With a lack of patients, AstraZeneca is considering simulated virtual placebo arms for studies. The pharma did a feasibility study looking at severe asthma sufferers from the national registry data in Sweden. While a study arm got the drug, the comparison arm tracked the health outcomes of appropriate patients from the registry’s database.
A neat solution for control groups, the idea certainly won’t do away with need for study participants. The real enrollment problem, Joe Kim asserts, is that not enough people care. People prefer a story to care about, Kim said, and when patients feel that they have been “kicked to the curb” after a study is completed with no information or follow up, they are unlikely to share their story and become advocates for the clinical trials process.

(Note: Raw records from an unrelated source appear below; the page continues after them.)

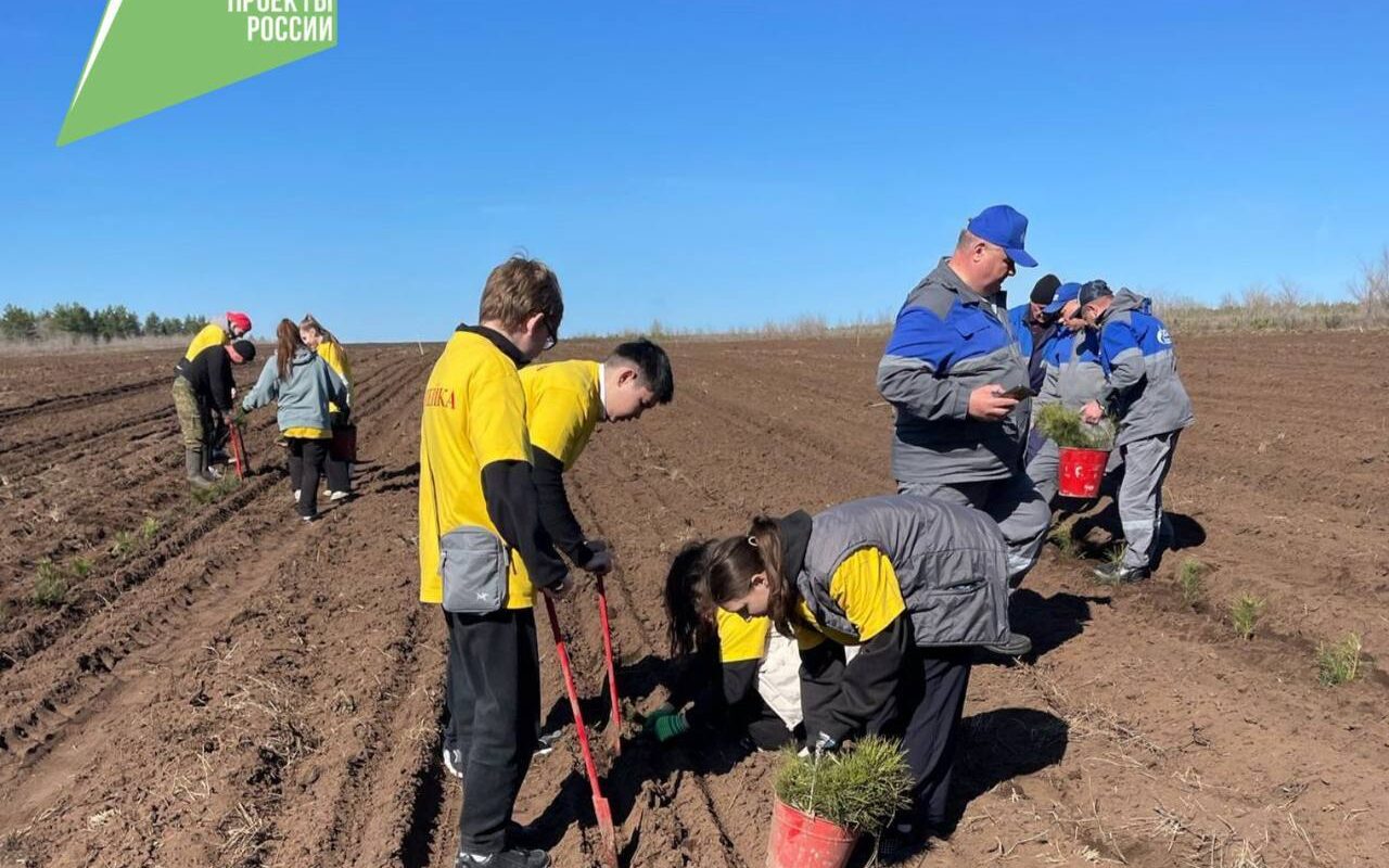 Ученики, ребята из «Движения Первых», педагоги, представители бизнеса, работники лесничеств Домбаровского, Адамовского, Кваркенского, Новосергиевского и Сакмарского районов уже высадили более 430 тысяч саженцев вяза, сосны и ясени на площади 97,7 га.
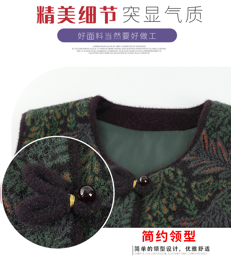 太ったおばあちゃんの秋冬服にベルベットをつけて、肩のお母さんの大きいサイズの保温ベストを厚くして、お年寄りの冬服の女性のベストを挟みます
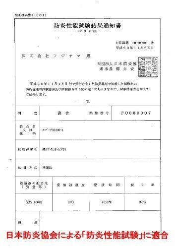 公益財団法人日本防炎協会による防炎性能試験に適合(試験番号 FO080007)(内容液を綿布に浸漬させた状態で、消防法施行令第4条の3の条件による)
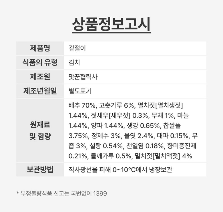 | 제품명 | 상품 상세페이지 참조 | 식품의 유형 | 상품 상세페이지 참조 |
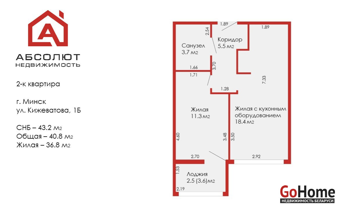 -Квартира: площадь квартиры по СНБ -43,2м2, общая площадь-40,8м2, жилая–36,8м2. Это идеальное место для комфортной жизни семьи. Квартира светлая, солнечная, окна квартиры выходят во двор. Квартира расположена на 5 этаже. В квартире 2 окна от пола до потолка, что задает высокий уровень инсоляции-естественного освещения солнечными лучами в помещении. Высота потолков -2,74м. Санузел совмещенный, площадью-3,7м2.
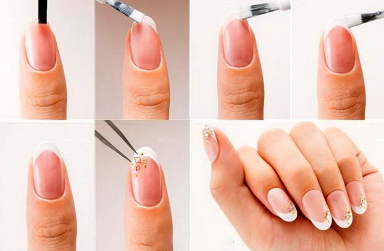 The holes can be painted with a dagger-shaped brush, and the edges of the French manicure are either the same or the usual flat one. To do this, the tool is applied first on one side and the line is led to the center, and then on the other side, also to the center.
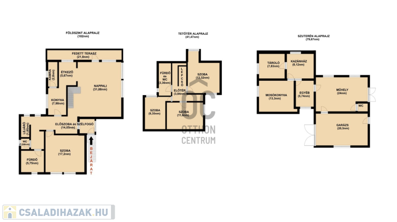 A tetőtérben három hálószoba és egy fürdőszoba+WC található.
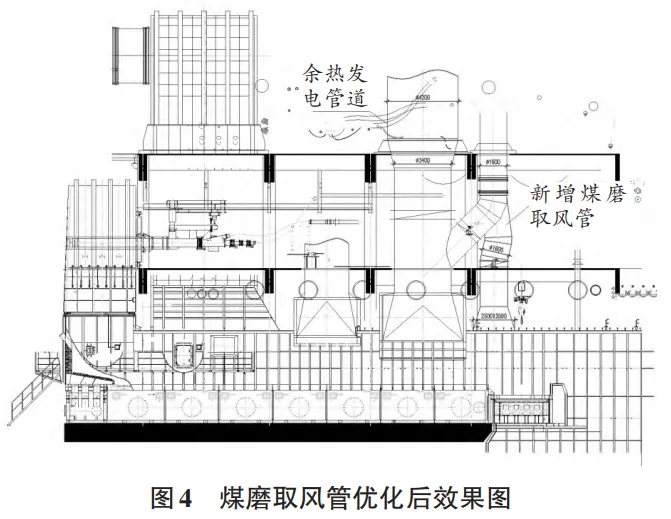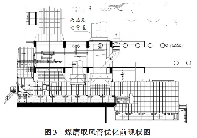 根据生产运行情况,因我公司预热器是双系列低阻六级旋风预热器,C1 出口温度本身较低,窑尾SP 炉烟气温度较低基本不发电,加之在煤磨开机时,由于煤磨热风抢风致使入窑头AQC锅炉的温度和压力降的较快,特别是中温段取风口,低的时候温度降到 350 ℃,导致发电量严重下滑,针对此情况,对原煤磨热风管从中温取风管上取热风改到直接从篦冷机本体进行取风,新制作安装一个2500 mm×2500 mm,直径Φ1 600 mm的煤磨热风取风管,减少或杜绝煤磨开机抢风,提高发电量。
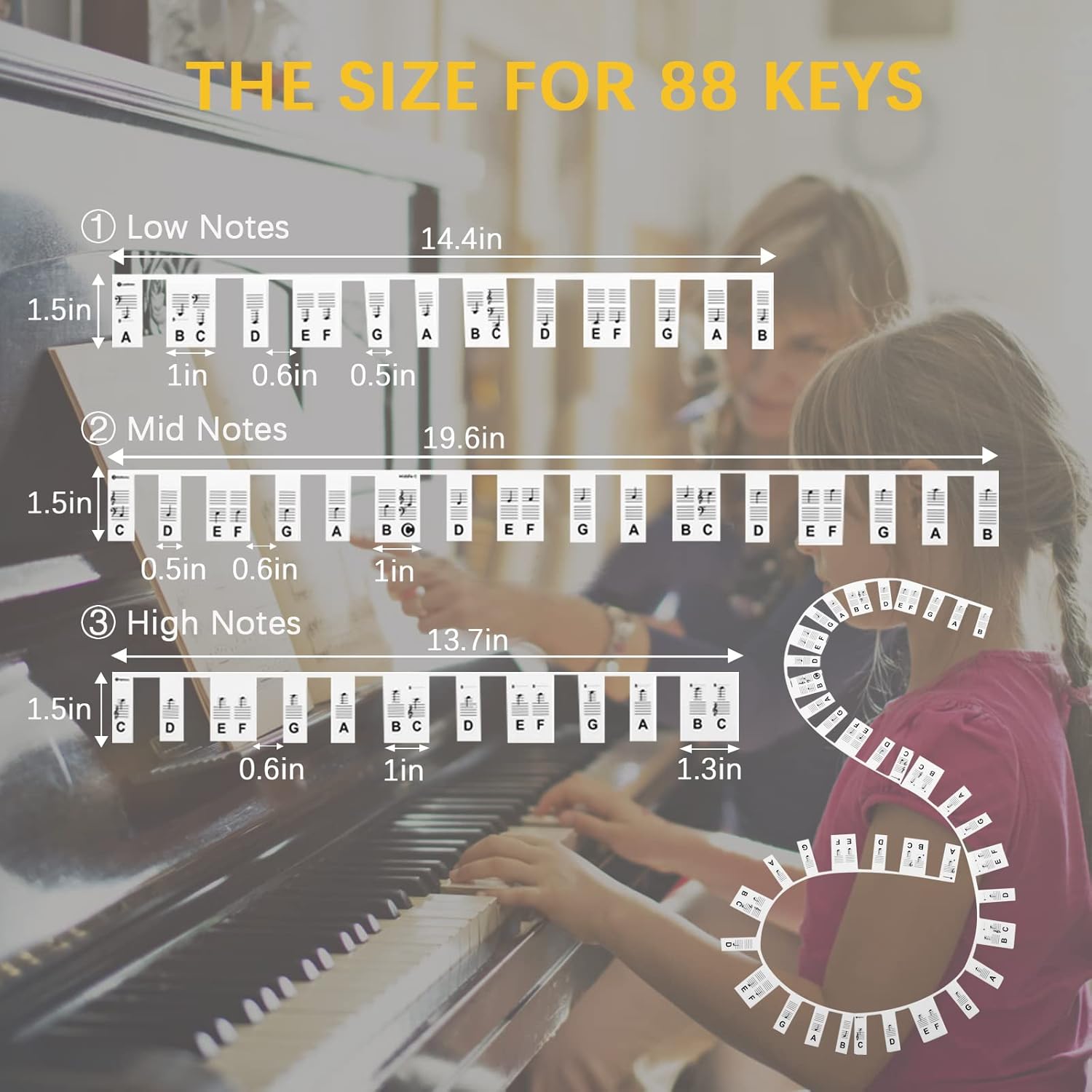 【Easy to Install】The piano letter stickers come in a reusable plastic case for easy storage and portability with three note strips for low-notes silicone piano tape ,mid-notes silicone piano tape and high-notes silicone piano tape. Tune the middle C before use, then match the keys to cover the notes, and you're done in seconds!
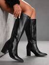 Women's Fashion Black Leather Pointed Toe High Heel Boots, Slim Heel Dance Boots, Winter Boots, Side Zipper High Heel Boots, Black High Heel Boots, Black Winter Boots, Pointed Toe Slim Heel High Heel Boots, Retro Black Winter Boots, Black Boots, Retro High Heel Women's Boots, Mid-Calf Boots, Brown Ankle Boots, Ankle Boots,Stiletto Heels
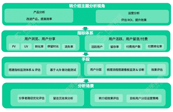 轉(zhuǎn)介紹場(chǎng)景下的重點(diǎn)有四個(gè):老用戶池、激勵(lì)體系、分享路徑和內(nèi)容、新用戶轉(zhuǎn)化。如下圖所示:
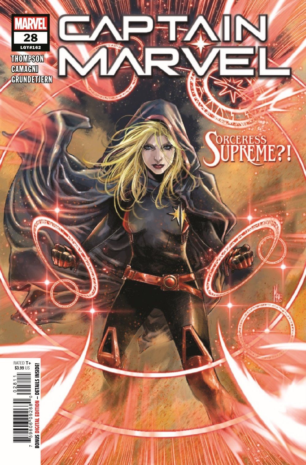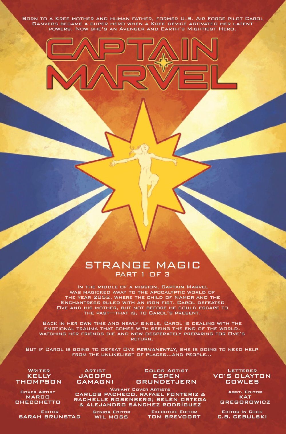 TOIL & TROUBLE! Carol Danvers is a born soldier. Give her a field of battle and an enemy to punch, and she's unstoppable. But the Captain's Achilles' heel is about to break. The mystic arts are Carol's one true weakness, and - haunted by her failure to stop the villain Ove - she's on a mission to correct that weakness... at any cost. A brand-new arc kicks off with artist Jacopo Camagni's supernatural talents!

For Kim the answer is clear: relationships fill trials.
Looking Forward
Rounding out the last day of SCOPE, Craig Lipset, head of Clinical Innovation at Pfizer, said the real innovation challenge is not coming up with ideas, but implementing them.
Lipset presented his forecasts for clinical operations. Mobile wins, Lipset said. Mobile apps and tools will be essential to clinical trials moving forward. He showed off a Scanadu Scout, a hockey puck-sized device that measures temperature, heart rate, respiratory rate, blood pressure, oxygen saturation in blood and ECG.
EDC is obsolete. Lipset asked for a show of hands in the audience of anyone who disagreed. No one took the bait.
There will be a reduced dependency on trials. Drug design and development is changing, and drug testing will change too.
Finally, patients will have access to more and more data, and they will control what happens to it.